I want to have my cake, and eat it too!

I just knew that someone would still not be happy!

Let me repeat, I do withdraw money from my 529 to pay expenses and tuition and it is declared on fafsa 45j, and consequently aid is reduced.

This whole hullaballo was because ex-wife said that if paying for an unnecessary summer abroad, reduced financial aid further, that I would have to pick up the tab for the reduction. So I was looking for a solution. I am thankful for all the advice here.

Ex-wife does not complain when aid is reduced when I pay for things that she thinks are necessary.

Once I feel a discussion is over, I like to summarize what I learned in the discussion.
Like I did in the other thread I opened.

Most information here regarding 529 plans will apply to non-custodial parents, but also grandparents 529’s.
Also the discussion is only meaningful for schools that only require only fafsa, either because they are fafsa-only schools, or because the college is not providing institutional need aid anyway.

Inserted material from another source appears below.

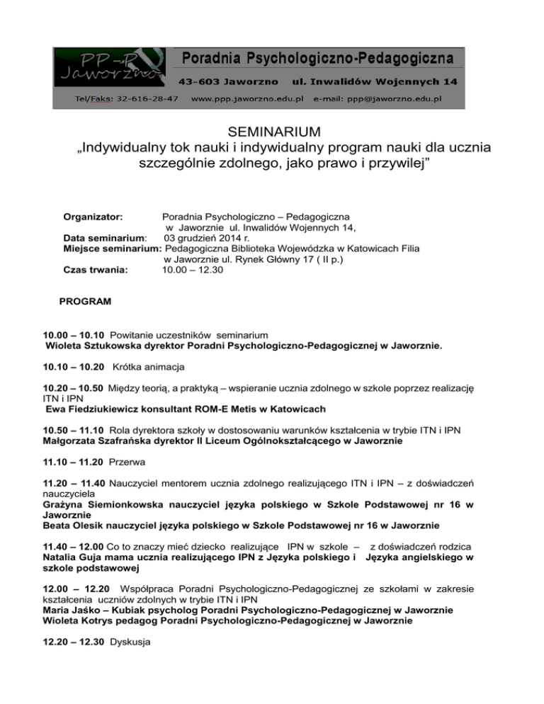 SEMINARIUM „Indywidualny tok nauki i indywidualny program nauki dla ucznia szczególnie zdolnego, jako prawo i przywilej” Poradnia Psychologiczno – Pedagogiczna w Jaworznie ul. Inwalidów Wojennych 14, Data seminarium: 03 grudzień 2014 r. Miejsce seminarium: Pedagogiczna Biblioteka Wojewódzka w Katowicach Filia w Jaworznie ul. Rynek Główny 17 ( II p.) Czas trwania: 10.00 – 12.30 Organizator: PROGRAM 10.00 – 10.10 Powitanie uczestników seminarium Wioleta Sztukowska dyrektor Poradni Psychologiczno-Pedagogicznej w Jaworznie. 10.10 – 10.20 Krótka animacja 10.20 – 10.50 Między teorią, a praktyką – wspieranie ucznia zdolnego w szkole poprzez realizację ITN i IPN Ewa Fiedziukiewicz konsultant ROM-E Metis w Katowicach 10.50 – 11.10 Rola dyrektora szkoły w dostosowaniu warunków kształcenia w trybie ITN i IPN Małgorzata Szafrańska dyrektor II Liceum Ogólnokształcącego w Jaworznie 11.10 – 11.20 Przerwa 11.20 – 11.40 Nauczyciel mentorem ucznia zdolnego realizującego ITN i IPN – z doświadczeń nauczyciela Grażyna Siemionkowska nauczyciel języka polskiego w Szkole Podstawowej nr 16 w Jaworznie Beata Olesik nauczyciel języka polskiego w Szkole Podstawowej nr 16 w Jaworznie 11.40 – 12.00 Co to znaczy mieć dziecko realizujące IPN w szkole – z doświadczeń rodzica Natalia Guja mama ucznia realizującego IPN z Języka polskiego i Języka angielskiego w szkole podstawowej 12.00 – 12.20 Współpraca Poradni Psychologiczno-Pedagogicznej ze szkołami w zakresie kształcenia uczniów zdolnych w trybie ITN i IPN Maria Jaśko – Kubiak psycholog Poradni Psychologiczno-Pedagogicznej w Jaworznie Wioleta Kotrys pedagog Poradni Psychologiczno-Pedagogicznej w Jaworznie 12.20 – 12.30 Dyskusja

1 - You can put up to $70K into a 529 plan without incurring gift tax.
2 - When money is withdrawn from the 529 to the student it does not incur gift tax.
(Therefore it never make sense to withdraw to yourself or pay the university directly from the 529)
3 - When you withdraw from non-custodial 529 to student, that should get declared on fafsa line 45j
This causes a 50% marginal increase in EFC, but that is what has to be done.
on the other hand the 529 is not declared as an asset on the fafsa, since it is the non-custodial parent’s
4 - 529 plan money can only be used for tuition, fees, room, board, books. Withdrawal over those incur penalties and taxes.
5 - if student has a merit scholarship you can withdraw the equivalent amount from the 529 without incurring penalties, (but still paying taxes on the gains at student’s tax rate, which will be low or close to zero). Money withdrawn through this option can be used for anything
6 - 529 plan money withdrawn Junior Spring semester and later does not need to be declared on fafsa, since there is no further fafsa to file after that point.

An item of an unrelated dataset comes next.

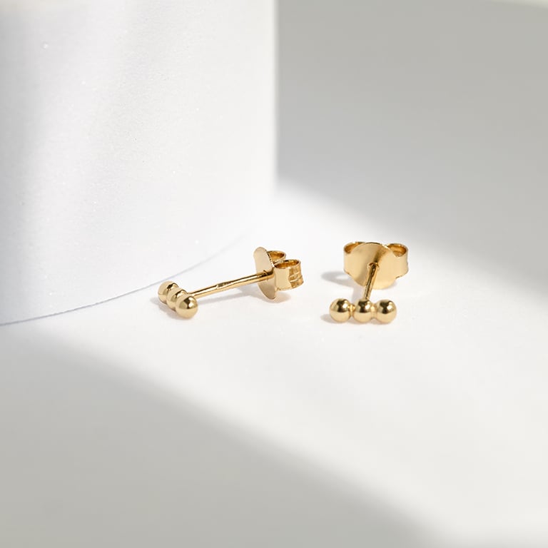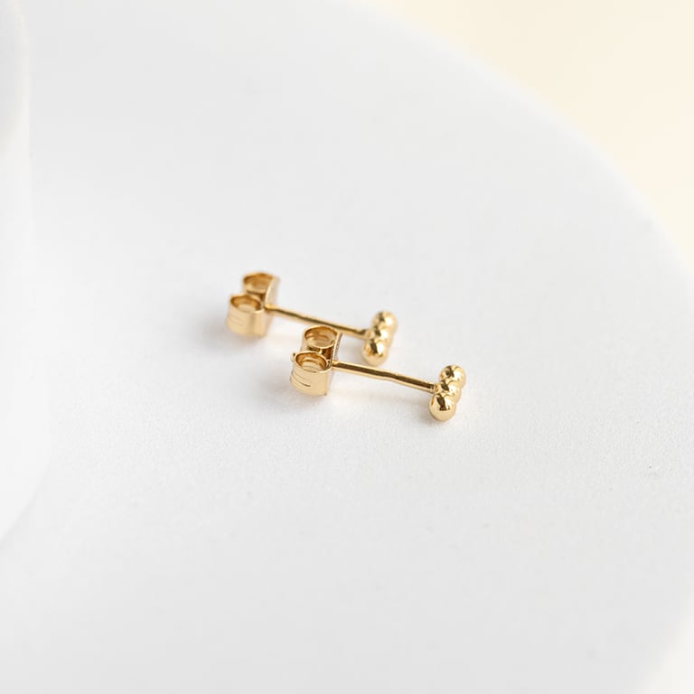 • Ohrringe aus einer Reihe von kleinen Kugeln aus vergoldetem Silber

Regarding non-529 support non-custodial parent wants to provide:

1 - If given directly to student, has to be declared on fafsa 45j, causing 50% marginal increase in EFC.
2 - If given to custodial parent, for her to spend on kid, independent of if part of a legal requirement, it should be declared as child support on fafsa 94c, causing a 25% marginal increase in EFC.
Even though this is better from a fafsa perspective, there is some loss of control, as custodial parent can do whatever he/she wants with the money, also current spouse is more comfortable giving money directly to student.
3 - non-custodial parent can provide a fully legal loan at prime+2% interest. After Junior Spring semester, loans can be forgiven, paying attention to gift tax limits(14K/y/pp), splitting into separate tax years if necessary.
4 - Also fully draw down on any federal loans available to student, or custodial parent. After Junior Spring semester, loans can be paid off on behalf of student, or custodial parent, paying attention to gift tax limits(14/y/pp), splitting into separate tax years if necessary. In this case student and/or custodial parent need to trust non-custodial parent enough that the loans will in fact be eventually paid.

Finally, it seems that there is a loophole in that grandparents are allowed to give money to custodial parents instead of directly to the student, and it does not need to appear anywhere on the fafsa as long as under gift tax limits(14K/y/pp).

In the entire discussion, anything over gift tax limit, I did not address, since it is not within my reality, and I am not sure of the effects in that case.